Cine

Una mirada encendida

Como tampoco se trata de matar (simbólicamente) a todos los padres, habré de confesar que me eduqué como espectador y cinéfilo con las críticas y artículos de Ángel Fernández-Santos (1934-2004) en El País, mucho antes incluso de saber que algún día podría yo mismo dedicarme al sufrido oficio de la crítica de cine. Era para mí una rutina más comprar el periódico y buscar su firma, esperando coincidir con sus criterios y valoraciones en un proceso de identificación que todos hemos padecido alguna vez en nuestros días de formación del espíritu, del gusto, de la personalidad misma.

Figura paternal, misteriosa y huidiza, Fernández-Santos no salía en la televisión (como nuestros admirados Alfonso Sánchez o José Luis Guarner, otros grandes maestros de la crítica), tampoco escuchábamos su voz en tertulias radiofónicas, no participaba nunca de esa fiesta interminable en la que parece vivir siempre el mundillo del cine. Lo admirábamos precisamente por eso, por intuir que en ese gesto distante y austero se escondía el valor de la independencia (tan difícil y cara en la profesión), el desprecio callado a todo aquello que no tuviese que ver con el arte, culto o popular, y el compromiso con la reflexión y las palabras. Con sus críticas aprendimos a educarnos la mirada, a bucear en las referencias, a escudriñar títulos y autores desconocidos antes de la era emule, a paladear los rincones de un discurso tanto o más rico que el de algunas de las películas que lo generaban. Incluso aunque, como ocurría en ocasiones, uno no supiera muy bien de lo que hablaba o si la película le había gustado o no.

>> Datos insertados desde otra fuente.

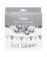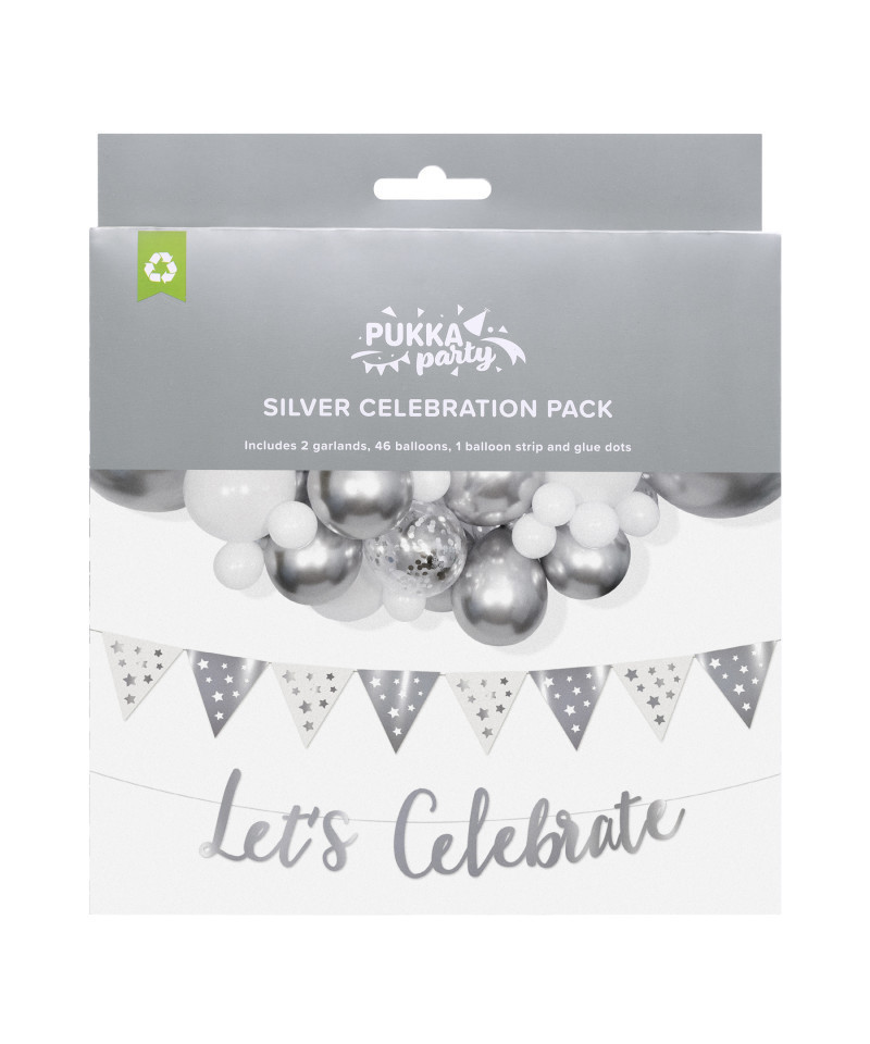 Transform your celebration into a sparkling, stylish event with the Pukka Party Silver Decoration Pack. Perfect for birthdays, anniversaries, New Year's parties, or graduations, this all-in-one kit brings effortless elegance and shimmer to any occasion. The set includes 46 silver latex balloons in 12" and 5" sizes, ideal for crafting a show-stopping balloon arch, complete with an 8 ft balloon strip and glue dots for easy setup. Complementing the balloons, the pack features a 6.5 ft stitched garland with a silver foil finish and an 8-piece pennant stitch bunting adorned with stars for added sparkle. A bold, foiled "Let's Celebrate" script garland completes the look, perfect for photo backdrops or statement walls. With coordinated décor elements, the Pukka Party Silver Decoration Pack ensures your party is both elegant and unforgettable.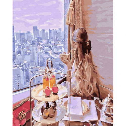 Картина по номерам Rosa Rainbow Art Чаепитие с видом на город 50x40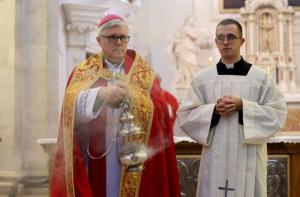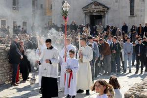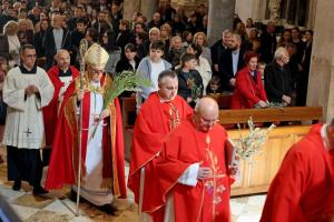 Zadar, 29.03.2026 - Nadbiskup Milan Zgrablic na Cvjetnicu predvodio procesiju i misu u katedrali...
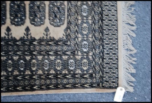 An early 20th century Bokhara rug having 3 rows of 15 medallions to the centre with geometric borders. Measures 185cms x 130cms wide.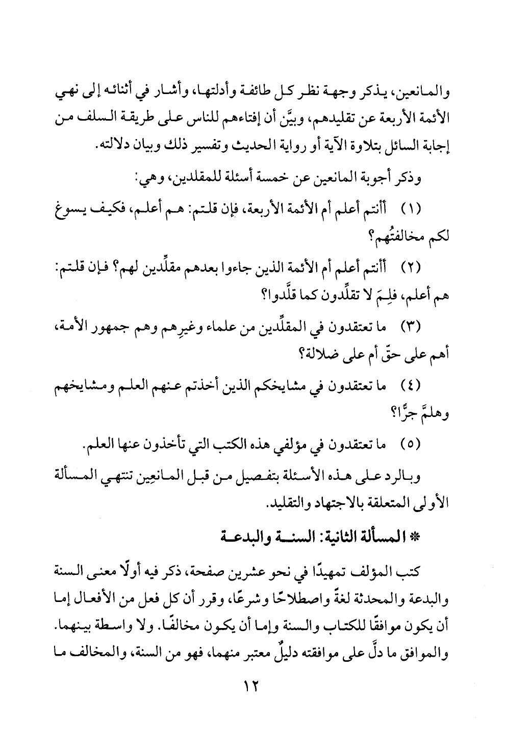 وذكر أجوبة المانعين عن خمسة أسئلة للمقلدين، وهي: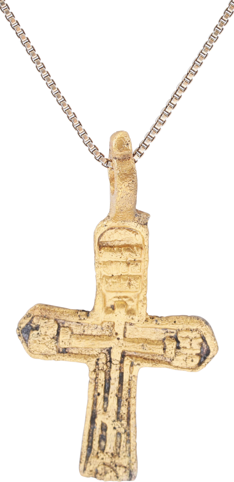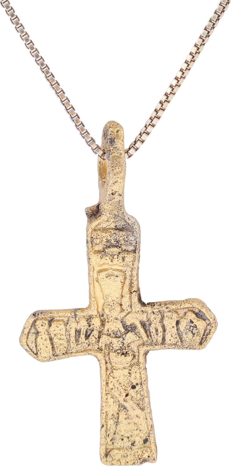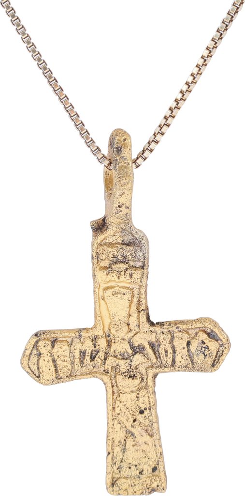 Orthodox rite, Ukrainian or Russian. Gilt bronze, just over 1 3/8” (1.42”) height. Delicate beams, the front with an incised cross and Cyrillic ciphers at the beam terminals. The reverse with 5 vignettes surrounding an inscription at the junction. Surface worn and textured from burial. Professionally refurbished with the 24karat surface restored, mounted on an 18” gilt Sterling silver neck chain for modern wear. Gift boxed with certificate of authenticity.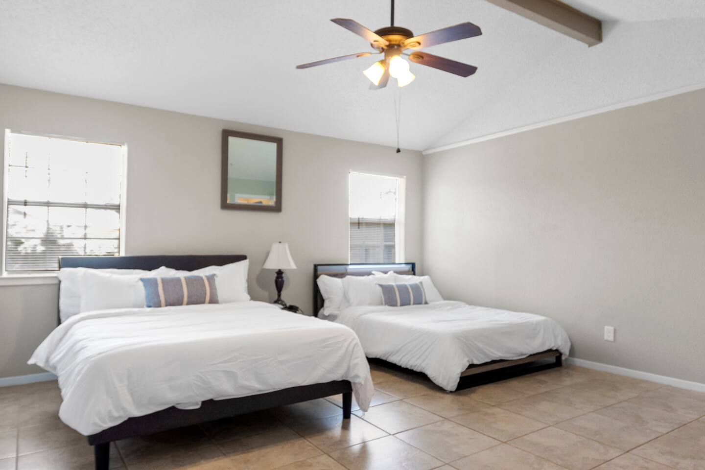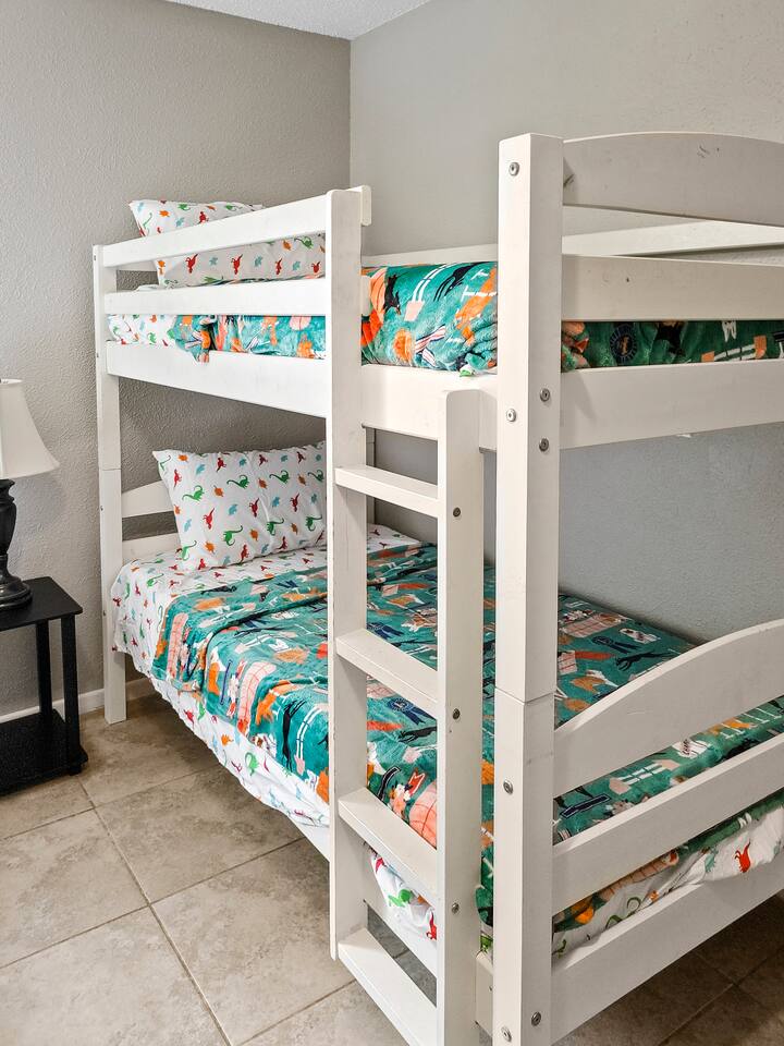 Our home is a 3 bedroom with a office style room that has a sofa couch that makes out into a bed, you'll find linings, pillows, and a blanket located in the closest beside the couch. The master bedroom has (2) Queen cozy beds, attached to the bedroom you'll find a restroom with a shower with all your shower needs. The second bedroom has a King Cozy bed along with a baby crib for your little ones. The third bedroom has a set of Queen Cozy bunk beds and a set of Twin Cozy bunk beds . Enjoy some time in the open living room and enjoy cooking in the open kitchen. In the garage you'll find a Game Room with a pool table, foosball table, and a dart board. There is also board games located on the shelve that you are welcome to enjoy.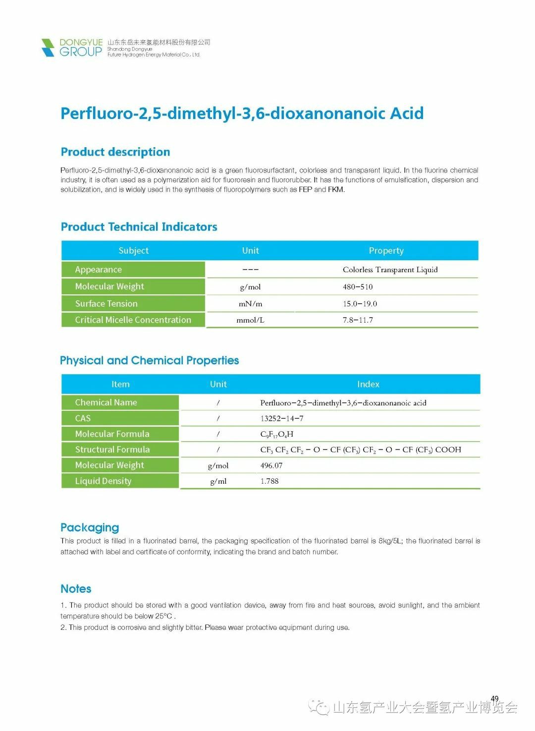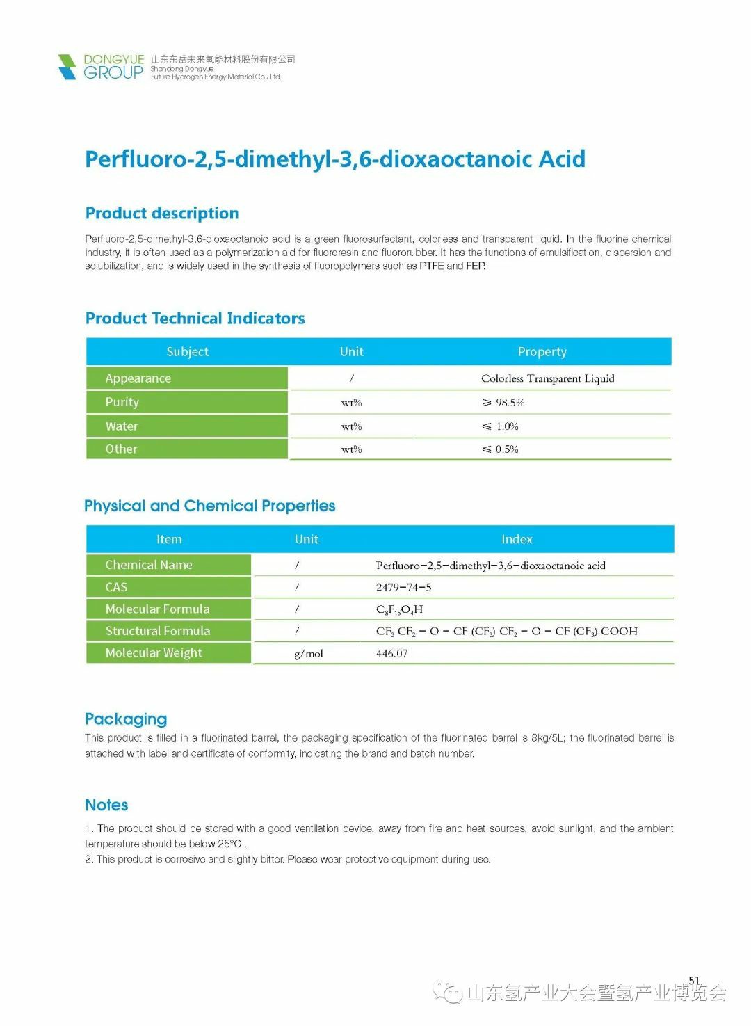 從2020年開始,公司逐步確立了“以全氟磺酸樹脂為代表的高功能含氟聚合物產品集群為中心、以六氟環氧丙烷代表的含氟精細化學品集群為依托、以燃料電池膜含氟功能膜產品集群為導向”的三個產品集群互相支撐的發展路線。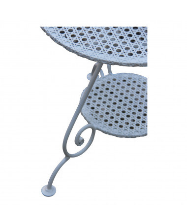 Table basse ronde modèle "Begnins" en fer forgé peint blanc, plateau et entretoise en tôle perforée type "Cannage"

Al margen de sus contados y muy celebrados guiones cinematográficos (para El espíritu de la colmena, de Erice, y para algunos filmes de Francisco Regueiro, ambos directores y amigos desde los días de la Escuela Oficial de Cine, por la que pasó fugazmente a comienzos de los 60), el legado crítico de Fernández-Santos se concentró prácticamente en su totalidad en revistas (Nuestro cine, de 1964 a 1971, en pleno apogeo del cine moderno y el Nuevo Cine Español; Cinemanía, ya en la era Prisa) y periódicos (primero en Diario 16, luego en El País, donde estuvo desde 1982 hasta su muerte). Apenas nos dejó un par de libros para glosar a su autor (Maiakovski y el cine) y a su género favoritos (Más allá del Oeste, reeditado ahora también por Debate).

Este abundante material crítico nos llega al fin en forma de volumen recopilatorio, gracias a la labor meticulosa y sensata de Carlos F. Heredero, colega y amigo quien, tras años de briega académica e incansable labor crítica, dirige hoy la recién nacida Cahiers du cinéma-España. En sus numerosas páginas, ordenadas por temas (Lenguaje, Géneros, Guionistas, Actores, Creadores, Festivales, Artículos de opinión, Películas de una vida y Autorretratos), se concentran filias y fobias, pecados de juventud y turbulencias críticas, debates intensos y lecciones teóricas, pero, sobre todo, se detecta la inquebrantable filiación baziniana del autor, resistente a todas las modas, la paulatina depuración literaria de un estilo que era ya una forma de pensamiento, una escritura cinematográfica que dialogaba con las películas desde las entrañas y la lucidez, desde la relación con las artes, el teatro (tan querido) o la filosofía, a través de una prosa brillante, por momentos barroca, que supo estar siempre al servicio del cine para traducir en brillantes hallazgos y una erudición siempre transparente un lenguaje de imágenes, sonidos y emociones.